Scikit-learn's SGDClassifier class provides an implementation for stochastic gradient descent, which we can use by specifying loss=log. Since scikit-learn does not have a model that implements batch gradient descent, we will compare SGDClassifier's performance against LogisticRegression on the emails dataset. We omit feature extraction for brevity:

# HIDDEN

X, y = emails['email'], emails['spam']
X_tr = CountVectorizer().fit_transform(X)

X_train, X_test, y_train, y_test = train_test_split(X_tr, y, random_state=42)

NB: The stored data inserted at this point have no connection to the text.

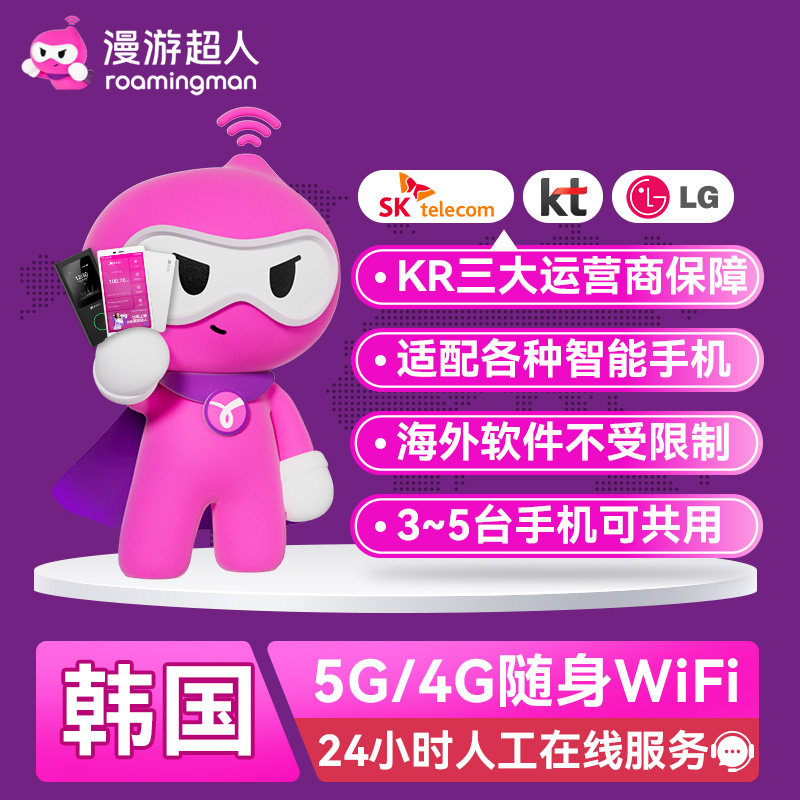 韩国随身WiFi租赁无限流量移动上网济州岛出国旅游 漫游超人5G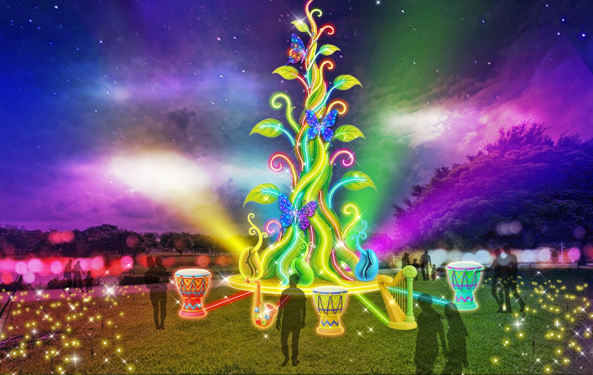 Interactive elements are a major highlight of the zone. An infrared-sensing saxophone plays melodies when activated, while a harp and drum surfaces trigger lighting effects. Sound and light synchronize and transmit toward the central installation, the Tree of Dream Pursuit, transforming the entire area into a collaborative light-and-sound performance created by visitors themselves.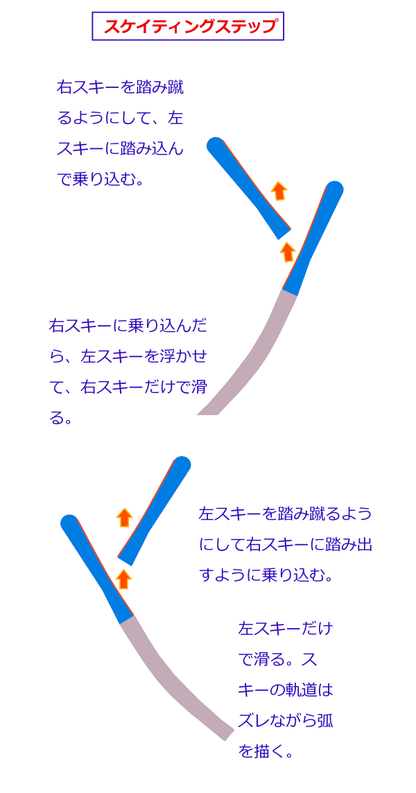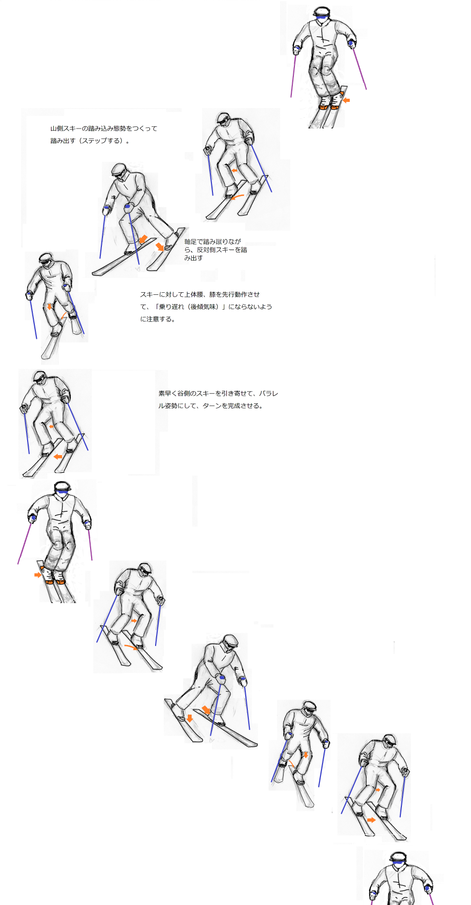 スケイティングステップ前編の初級のステップ歩行の項で前開きステップ歩行(スケイティング・ステップを学びましたが、ここではそれをもっと能動的に速い滑走移動方法として学びます。そこで「スケイティングステップ」と「・」を入れない名称とします。これはノルディックスキーの最も主要な走法のひとつです。 水平な雪原で繰り返して練習してください。面白くない滑りですが、上級者になるための体力やバランス感覚を磨くための方法だと割り切ってください。 ステップターンは、このスケイティングステップをターンに取り入れて、アグレッシヴなパラレルターン(ロングターンやミドルターン)をおこなうためのテクニックです。 能動的な乗り込みでステップターンパラレルターンの踏み換えのときに、次のターンの外スキーに飛び込むように能動的にステップしていくということです。そのさいに、反対側のスキーを踏み込みのための軸足として使います。つまり、踏み蹴りながら、インサイドエッジに加圧するように、外スキーに乗り込んでいくということになります。乗り遅れないように、重心を思い切って移すことがポイントになります。その瞬間には姿勢が不安定になりがちですから、バランス感覚も研ぎ澄ます必要があります。 通常の歩行や走りと同じように、踏み出す脚の反対側の腕を前に突き出してストックを突きます。このとき、両腕(ストック)を前に突き出すことで、上体を前に動かして、後ろ重心や後傾にならないようにするのもいいでしょう。 踏み込んだ後体重を移動させて乗り込んでしまったら、反対側のスキーを素早く引き寄せてパラレル姿勢を迅速に回復させます。 だいたい、このステップターンくらいまでが、現在のSAJ検定1級合格までのカリキュラムではないかと思います。1級は中級の卒業、上級への入学試験(入り口)とも言えるものです。 したがって、ここから先は、1級レヴェルを越えて、本当の上級者になっていく訓練です。1級を取得してからも学ぶべきことは山ほどあります。 おそらく現在でも1級の受験資格として検定2級合格(2級保持)が条件となっていると思います。2級から受験することになります。検定を申し込むと午前中は受験科目・内容の講習をおこなうはずです。午後が試験です。 少し費用はかかりますが、2級または1級受験希望ということで、スキー学校の講習を受けてみるといいでしょう。自分の弱点が把握でき、検定までに補強することができます。 ![]() |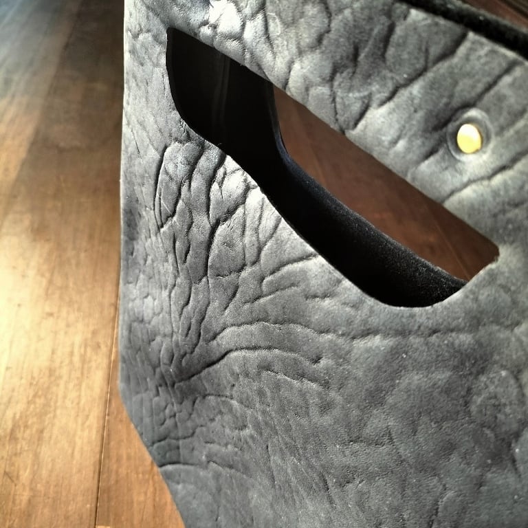 画像ではギラッとしてますが、黒のスエードに血筋模様が入ってる感じで落ち着いてます。

y_train = y_train.reset_index(drop=True)
y_test = y_test.reset_index(drop=True)

log_reg = LogisticRegression(tol=0.0001, random_state=42)
stochastic_gd = SGDClassifier(tol=0.0001, loss='log', random_state=42)

%%time
log_reg.fit(X_train, y_train)
log_reg_pred = log_reg.predict(X_test)
print('Logistic Regression')
print('  Accuracy:  ', accuracy_score(y_test, log_reg_pred))
print('  Precision: ', precision_score(y_test, log_reg_pred))
print('  Recall:    ', recall_score(y_test, log_reg_pred))
print()

Logistic Regression
Accuracy:   0.9913793103448276
Precision:  0.974169741697417
Recall:     0.9924812030075187

CPU times: user 3.2 s, sys: 0 ns, total: 3.2 s
Wall time: 3.26 s

%%time
stochastic_gd.fit(X_train, y_train)
stochastic_gd_pred = stochastic_gd.predict(X_test)
print('Stochastic GD')
print('  Accuracy:  ', accuracy_score(y_test, stochastic_gd_pred))
print('  Precision: ', precision_score(y_test, stochastic_gd_pred))
print('  Recall:    ', recall_score(y_test, stochastic_gd_pred))
print()

Stochastic GD
Accuracy:   0.9808429118773946
Precision:  0.9392857142857143
Recall:     0.9887218045112782

CPU times: user 93.8 ms, sys: 31.2 ms, total: 125 ms
Wall time: 119 ms


The results above indicate that SGDClassifier is able to find a solution in significantly less time than LogisticRegression. Although the evaluation metrics are slightly worse on the SGDClassifier, we can improve the SGDClassifier's performance by tuning hyperparameters. Furthermore, this discrepancy is a tradeoff that data scientists often encounter in the real world. Depending on the situation, data scientists might place greater value on the lower runtime or on the higher metrics.

## Summary¶

Stochastic gradient descent is a method that data scientists use to cut down on computational cost and runtime. We can see the value of stochastic gradient descent in logistic regression, since we would only have to calculate the gradient of the cross entropy loss for one observation at each iteration instead of for every observation in batch gradient descent. From the example using scikit-learn's SGDClassifier, we observe that stochastic gradient descent may achieve slightly worse evaluation metrics, but drastically improves runtime. On larger datasets or for more complex models, the difference in runtime might be much larger and thus more valuable.